Revisiting her work on the series with Emmy buzz swirling, King said her feelings on Angela, a type of character she previously said she had never encountered anything like before, and the project have not changed.

"No, not at all because the thing about it is, I'm speaking from just my own experience. Maybe someone else has seen a character like Angela before and I just didn't see whatever it was that they saw, or I didn't receive it the same way," King said in an interview before nation-wide protests started. For King, "someone who has always wanted to play a superhero," the experience was all the more special because Sister Night didn't have any "supernatural powers"—at least not yet—which made the character all the more "heroic" and a "complex crimefighter."

"Her origin story, she discovering it as we're discovering it, was exciting. And then there's similarities–dare I go out on limb and say this—but between Angela and Batman. And Batman is one of my all-time favorites," she said. "So, just the kid in me loved that I could play a character that has a origin story that is similar to one of the most beloved comic characters in history, but then to be able to flip that on its head and she be right in the middle of things that are happening today, but yet we are able to put it in an alternative universe was exciting, you know? 'Cause I could satiate that desire to have wanted to play a superhero, but then I also can feel like I'm being responsible as a storyteller by being a part of something that is holding a mirror up. When you can do both, that's quite exciting."

HBO

THE POWER OF LOVE

Watchmen ended with a bit of a cliffhanger. Angela lost her husband, Cal/Dr. Manhattan (Yahya Abdul-Mateen II), but saved the day. At the end of the series while replaying conversations with her late husband, Angela realized he may have left her a gift. Was it the gift of his great power or something else? She ate an egg and put her foot to the water to see if she had gained his power. Cut to black. Viewers were left to imagine what happened to Angela.

"It's funny because to me, I felt like she falls in," King said with a laugh. "I have always looked at it as just the ultimate love story. And I guess just as a person that loves to watch stories and read stories, that the writing team, that they were able to infuse a love story within all of this wildness, it was kind of magical in a lot of ways, you know? I'm like every other person that's in love with love, just wants to see it prevail the way it does…Playing Angela, when we got to the point where she's going back over in her mind of the last moments she and John were together and then sees that egg, I looked at it as less of opportunity to inherit Dr. Manhattan's powers and more of an opportunity to have possibly one more moment, or possibly a lifetime, with the man she loves."

Lindelof has said he would be open to Watchmen becoming an anthology, with no immediate plans for a second season until he gets an idea that moved him as much as the first season. King would certainly be open to return alongside him. 

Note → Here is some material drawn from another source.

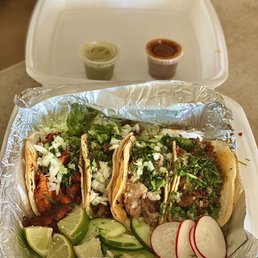 Pork in Mexican herbs served with pineapple, Each taco comes with corn tortilla's, Served with cilantro, raw and grilled onions. With a side of cucumbers, and radish, Fresh Limes, Hot or mild sauce on the side.(price per taco)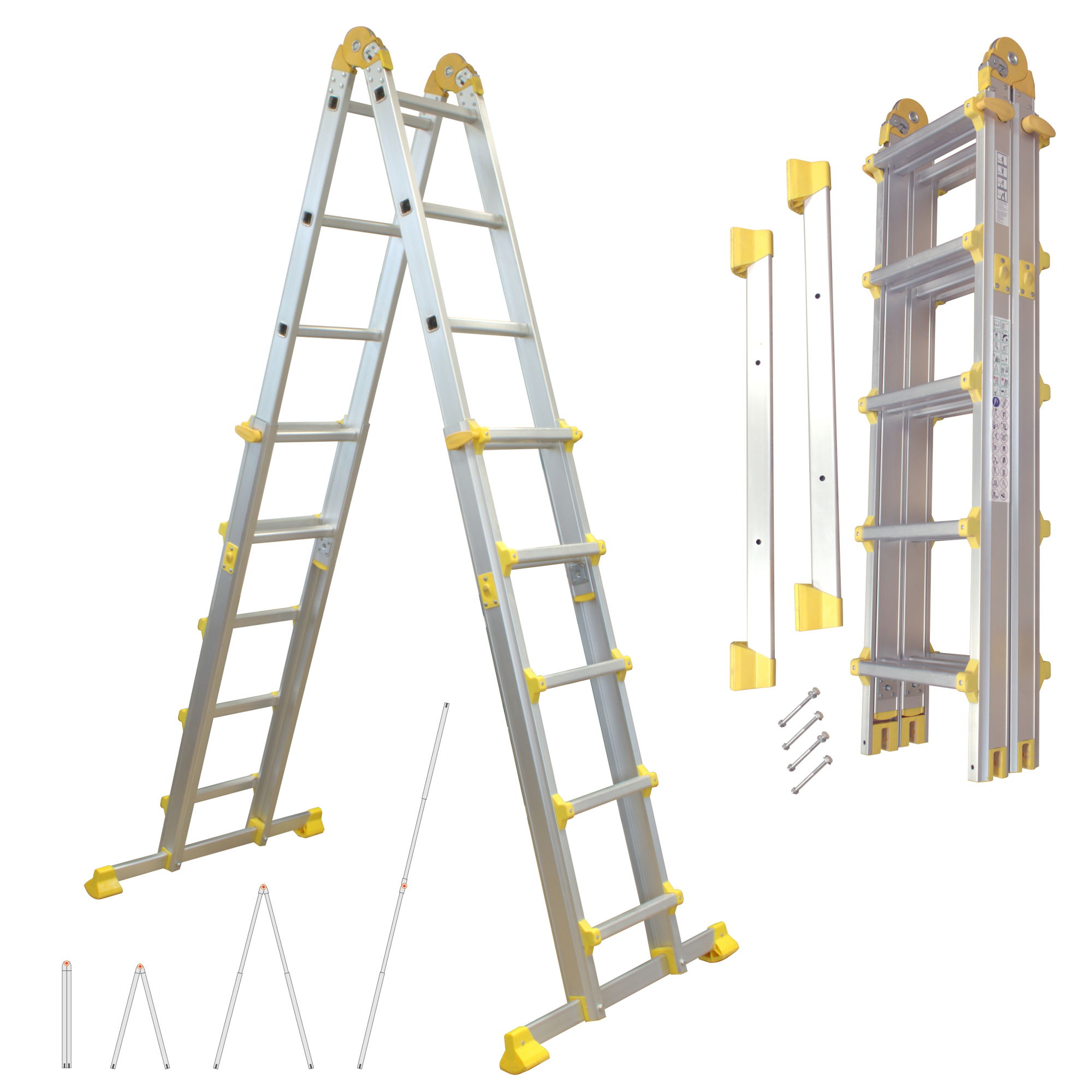 Mit unserer Vielzweckleiter decken Sie diese und noch viele weitere Anwendungsmöglichkeiten ab. Die Aluminium Teleskopleiter kann als Klappleiter, Anlegeleiter und Bockleiter eingesetzt werden und ist damit eine echte Vielzweckleiter.

"I would be down for something like that if Damon was involved because I know that he's going to take care—I feel like it's very important when you are creating stories from something that exists, when you're using it as canon you have to find a way to tell your own story but still respect and honor the original work and not make the fans, like, hate you for it. And I feel like he was successful in that. So, I have to believe that if it were to come back, that he would do the same," she said. "So, even if there is no Sister Night or if there's just Sister Night in one or two episodes, I believe that that is the right thing to be."

The Watchmen Blu-ray/DVD set, with all nine episodes and a number of behind-the-scenes special features including "Hooded Justice," "The Colossal King" the 2019 New York Comic Con panel and many more, is out now.